AWS Deep Learning AMI (Ubuntu 16.04)
Amazon Web Services | 48Linux/Unix, Ubuntu 16.04 - 64-bit Amazon Machine Image (AMI)
pytorch_36 breaks
Also unlike the description, the pytorch versioning running there was 1.0.0 not 1.4
Updating the torch version lead to some technical issues. Terrible.
- Leave a Comment |
- 1 comment |
- Mark review as helpful
This AMI Breaks Horovod under tensorflow_p36 env
So this AMI SHOULD NOT be used for Horovod from what I can see - there are multiple versions of openMPI installed and it really breaks everything.
I'm not sure I see why there packages installed globally and also under conda environments, it causes big problems.
I'm happy to be proved wrong but after 12 hours of messing about with it I've decided to build my own image which I shall share!
tensorflow_p36 doesn't work with GPU
You pretty much need to set it up everything yourself. Here is what you get out-of-the-box:
(tensorflow_p36) ubuntu@ip-172-31-6-11:~$ source activate tensorflow_p36
(tensorflow_p36) ubuntu@ip-172-31-6-11:~$ python
Python 3.6.5 |Anaconda, Inc.| (default, Apr 29 2018, 16:14:56)
[GCC 7.2.0] on linux
Type "help", "copyright", "credits" or "license" for more information.

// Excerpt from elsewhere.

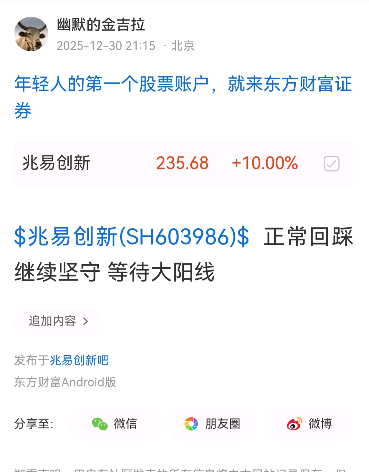 温馨提示: 1.根据《证券法》规定,禁止编造、传播虚假信息或者误导性信息,扰乱证券市场;2.用户在本社区发表的所有资料、言论等仅代表个人观点,与本网站立场无关,不对您构成任何投资建议。用户应基于自己的独立判断,自行决定证券投资并承担相应风险。《东方财富社区管理规定》

>>> import tensorflow as tf
>>> sess = tf.Session(config=tf.ConfigProto(log_device_placement=True))
2019-05-01 23:37:47.936444: F tensorflow/stream_executor/lib/statusor.cc:34] Attempting to fetch value instead of handling error Internal: no supported devices found for platform CUDA
Aborted (core dumped)
Doesn't work
I've used previous versions <=v20.0 quite often and they worked okayish. In v20 the unattended upgrade process hangs itself and doesn't terminate even if you wait a long time. So you actually have to kill a bunch of processes before you can install additional packages. But now v22.0 doesn't even start due to a missing snapshot.
Tensorflow was not using GPU
I used this AMI for 40 Hours.
and I found out why my models were very slowly trained :
tensorflow/core/common_runtime/gpu/gpu_device.cc:1 406] Ignoring visible gpu device (device: 0, name: GRID K520, pci bus id: 0000:0 0:03.0, compute capability: 3.0) with Cuda compute capability 3.0. The minimum r equired Cuda capability is 3.5.
env
conda/3python 3.6/tensorflow
I used a GX2 instance for nothing.
Thanks a lot for the time lost
Not great
This AMI did not work as I expected. I found it easier to install Tensorflow for Python from binaries myself, or using the official Docker Tensorflow image. For context I run Tensorflow for Python on MacOS and Ubuntu. It sounds like the AMI works as expected for people using Conda?